[DATA EXTRACT]

--- --- ---

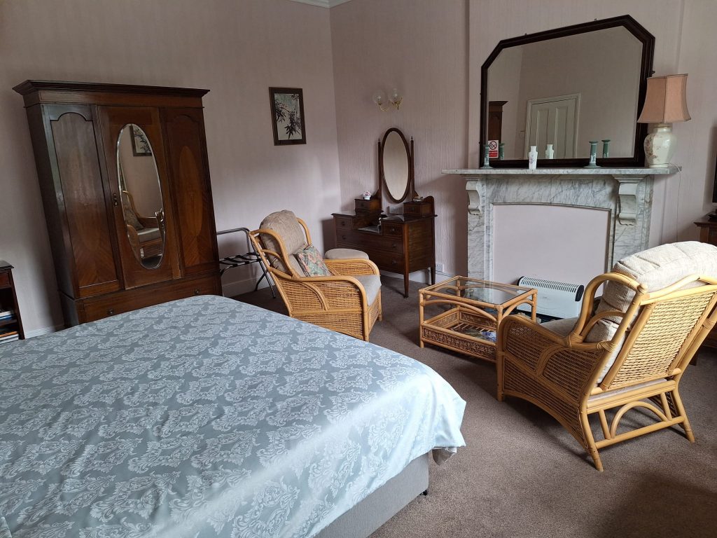 The Master Room A spacious south facing double room overlooking our front gardens. Beautifully furnished with a Victorian suite and super-king size bed, can be converted into 2 large singles, a large en-suite bathroom with a shower over the bath.
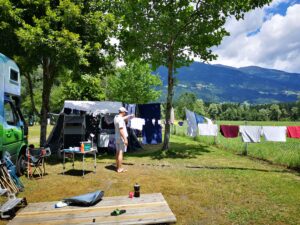 On a bien roulé, beaucoup d’autoroute et surtout on a vu personne à la douane autrichienne ! On se retrouve à Düns sur une place réservée aux camping-cars, le camping sauvage est interdit en Autriche.
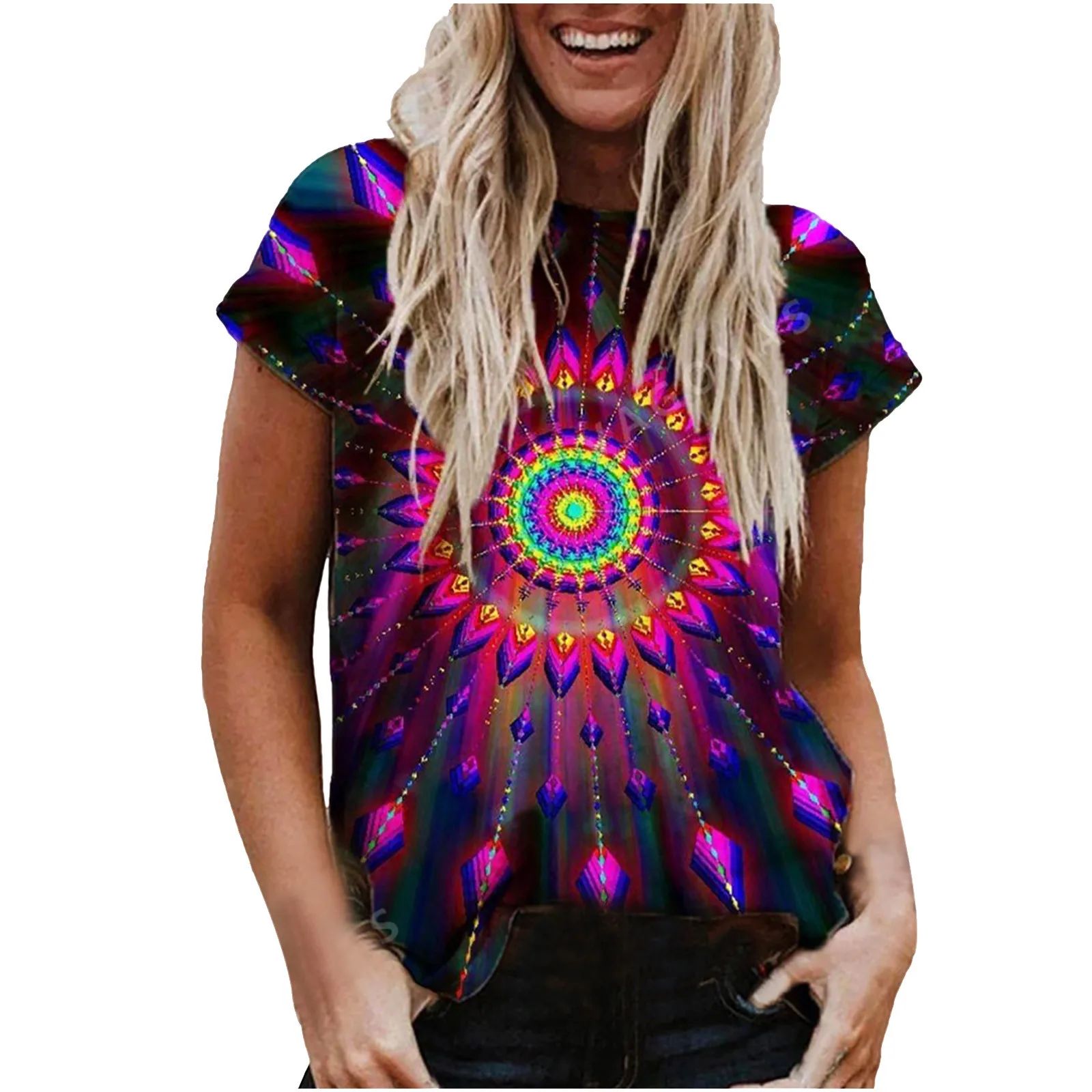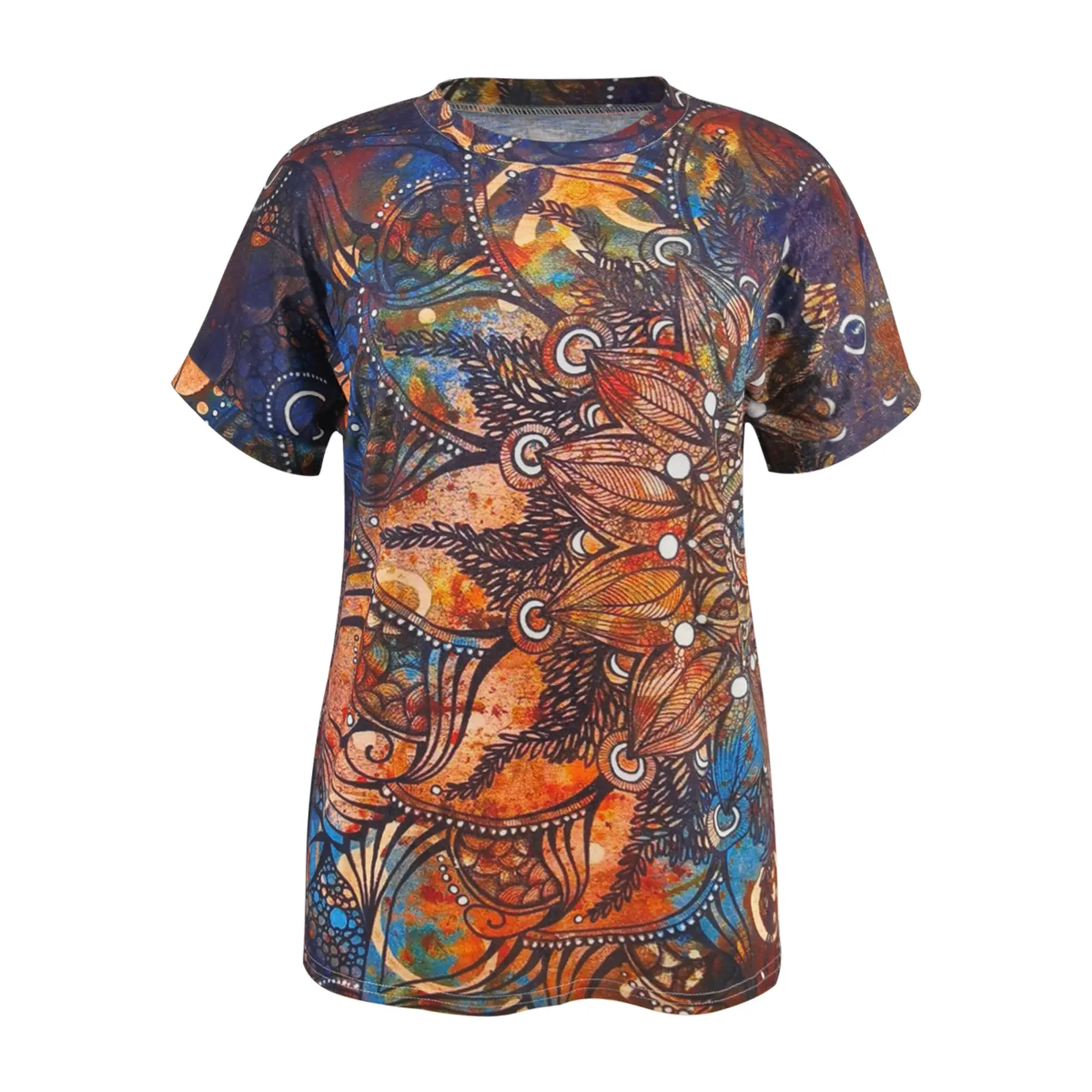 Женская футболка в стиле бохо, повседневный топ в стиле ретро с коротким рукавом и круглым вырезом, летний Свободный Топ с коротким рукавом

--- --- ---

[HOW TO COMPLETE THIS TASK] Exact transcription of the full listing above is required; images do not belong in it.

[EXPECTED OUTPUT]
 The Master Room A spacious south facing double room overlooking our front gardens. Beautifully furnished with a Victorian suite and super-king size bed, can be converted into 2 large singles, a large en-suite bathroom with a shower over the bath.
 On a bien roulé, beaucoup d’autoroute et surtout on a vu personne à la douane autrichienne ! On se retrouve à Düns sur une place réservée aux camping-cars, le camping sauvage est interdit en Autriche.
 Женская футболка в стиле бохо, повседневный топ в стиле ретро с коротким рукавом и круглым вырезом, летний Свободный Топ с коротким рукавом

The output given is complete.